WHAT YOU HAVE TO DO: Without the pictures, reproduce the entries below exactly.

Data items:
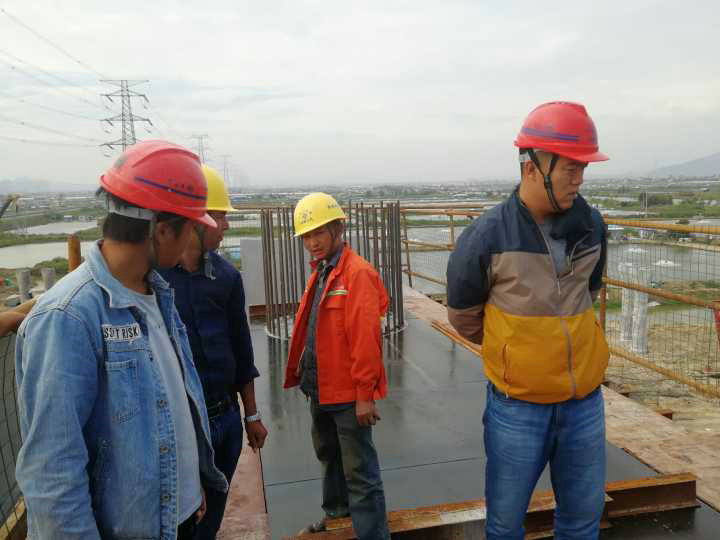 本次高空作業(yè)檢查以人員個人防護(hù)用具與臨邊防護(hù)檢查為主,對爬梯的安裝情況進(jìn)行了排查,確保其穩(wěn)固可靠;對作業(yè)平臺的安全狀況進(jìn)行細(xì)致檢查,提出“必須上緊扣件、必須掛好鐵絲網(wǎng)、必須滿鋪平臺、必須設(shè)置擋腳板”四個高空作業(yè)安全基本要求;對作業(yè)工人安全帽、安全帶等防護(hù)用具的質(zhì)量進(jìn)行抽查,對檢查出有破損、斷絲情況的防護(hù)用品要求其立即停止作業(yè)進(jìn)行更換。項目書記強(qiáng)調(diào),一定要密切關(guān)注當(dāng)?shù)貧夂蜃兓?,遇六級以上大風(fēng)等惡劣環(huán)境應(yīng)立即暫停高空作業(yè),要始終將工人生命安全放在首位。
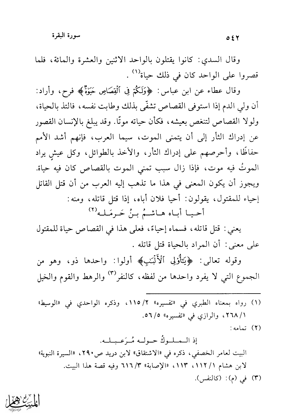 وقال السدي: كانوا يقتلون بالواحد الاثنين والعشرة والمائة، فلما قصروا على الواحد كان في ذلك حياة (¬1).
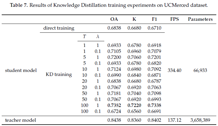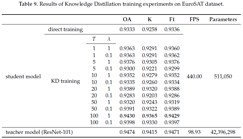 本文还在UCMerced数据集、NWPU-RESISC数据集、EuroSAT数据集三个数据集上进行实验,进一步验证知识蒸馏方法在低分辨率遥感影像、遥感地物类别较多、遥感影像数量较少等情况下的适用性与可行性,结果如表7-表9所示。
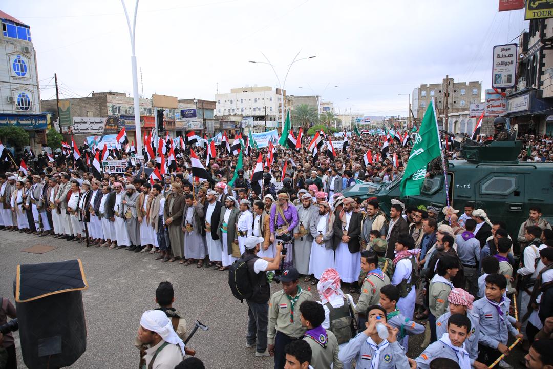 ورفع المشاركون لافتات وشعارات تعبّر عن وحدة الصف العربي ورفض التدخلات الإيرانية في شؤون المنطقة..محمّلين النظام الإيراني مسؤولية استمرار زعزعة الأمن والاستقرار، وتصعيد التوترات الإقليمية عبر أذرعه المسلحة، وفي مقدمتها ميليشيات الحوثي الإرهابية.
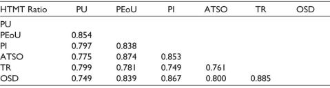 Table 4. Results for Discriminant Validity (HTMT Ratio).
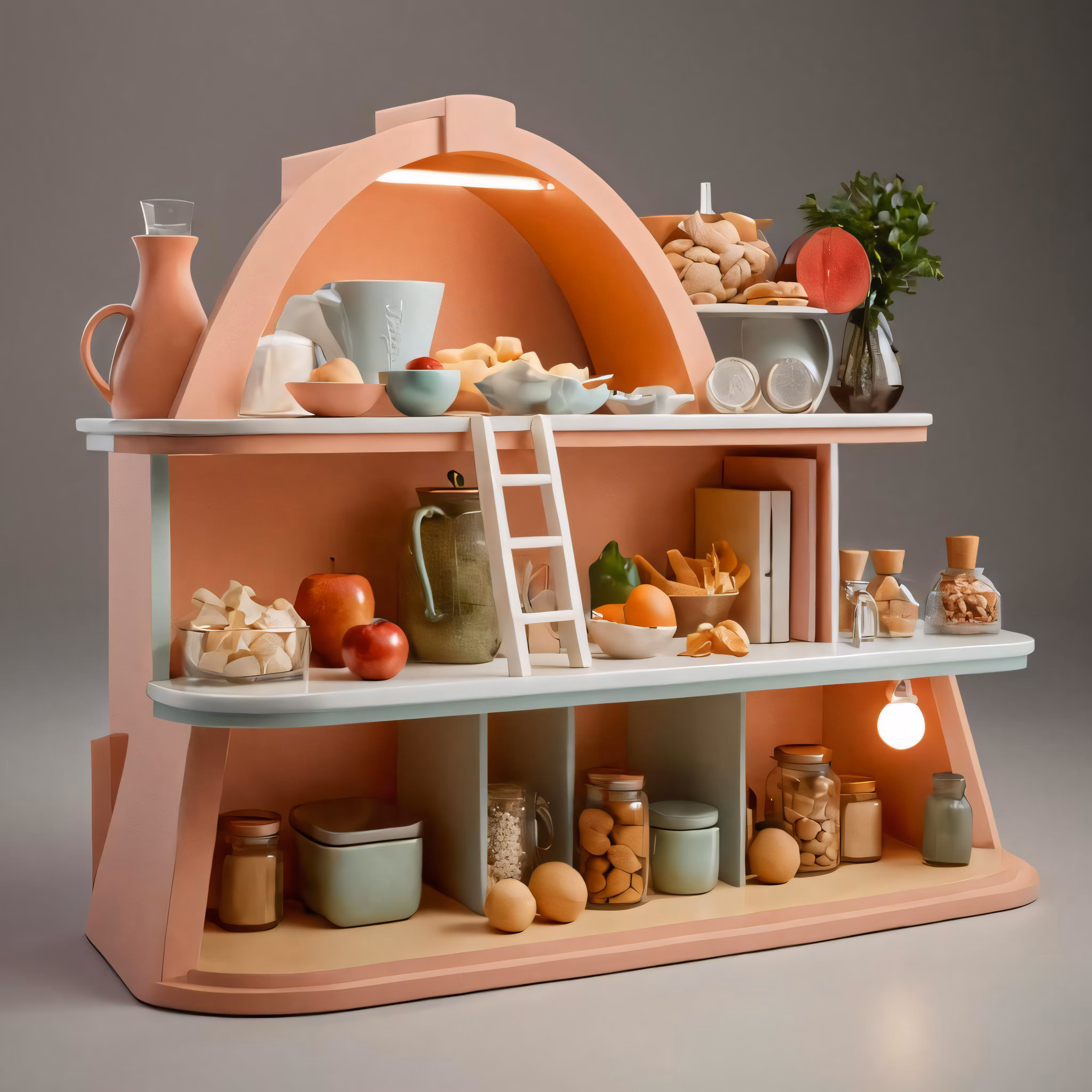 High resolution picture, free to use, small display shelves with a painted orange wall

FINAL ANSWER:
 本次高空作業(yè)檢查以人員個人防護(hù)用具與臨邊防護(hù)檢查為主,對爬梯的安裝情況進(jìn)行了排查,確保其穩(wěn)固可靠;對作業(yè)平臺的安全狀況進(jìn)行細(xì)致檢查,提出“必須上緊扣件、必須掛好鐵絲網(wǎng)、必須滿鋪平臺、必須設(shè)置擋腳板”四個高空作業(yè)安全基本要求;對作業(yè)工人安全帽、安全帶等防護(hù)用具的質(zhì)量進(jìn)行抽查,對檢查出有破損、斷絲情況的防護(hù)用品要求其立即停止作業(yè)進(jìn)行更換。項目書記強(qiáng)調(diào),一定要密切關(guān)注當(dāng)?shù)貧夂蜃兓?,遇六級以上大風(fēng)等惡劣環(huán)境應(yīng)立即暫停高空作業(yè),要始終將工人生命安全放在首位。
 وقال السدي: كانوا يقتلون بالواحد الاثنين والعشرة والمائة، فلما قصروا على الواحد كان في ذلك حياة (¬1).
 本文还在UCMerced数据集、NWPU-RESISC数据集、EuroSAT数据集三个数据集上进行实验,进一步验证知识蒸馏方法在低分辨率遥感影像、遥感地物类别较多、遥感影像数量较少等情况下的适用性与可行性,结果如表7-表9所示。
 ورفع المشاركون لافتات وشعارات تعبّر عن وحدة الصف العربي ورفض التدخلات الإيرانية في شؤون المنطقة..محمّلين النظام الإيراني مسؤولية استمرار زعزعة الأمن والاستقرار، وتصعيد التوترات الإقليمية عبر أذرعه المسلحة، وفي مقدمتها ميليشيات الحوثي الإرهابية.
 Table 4. Results for Discriminant Validity (HTMT Ratio).
 High resolution picture, free to use, small display shelves with a painted orange wall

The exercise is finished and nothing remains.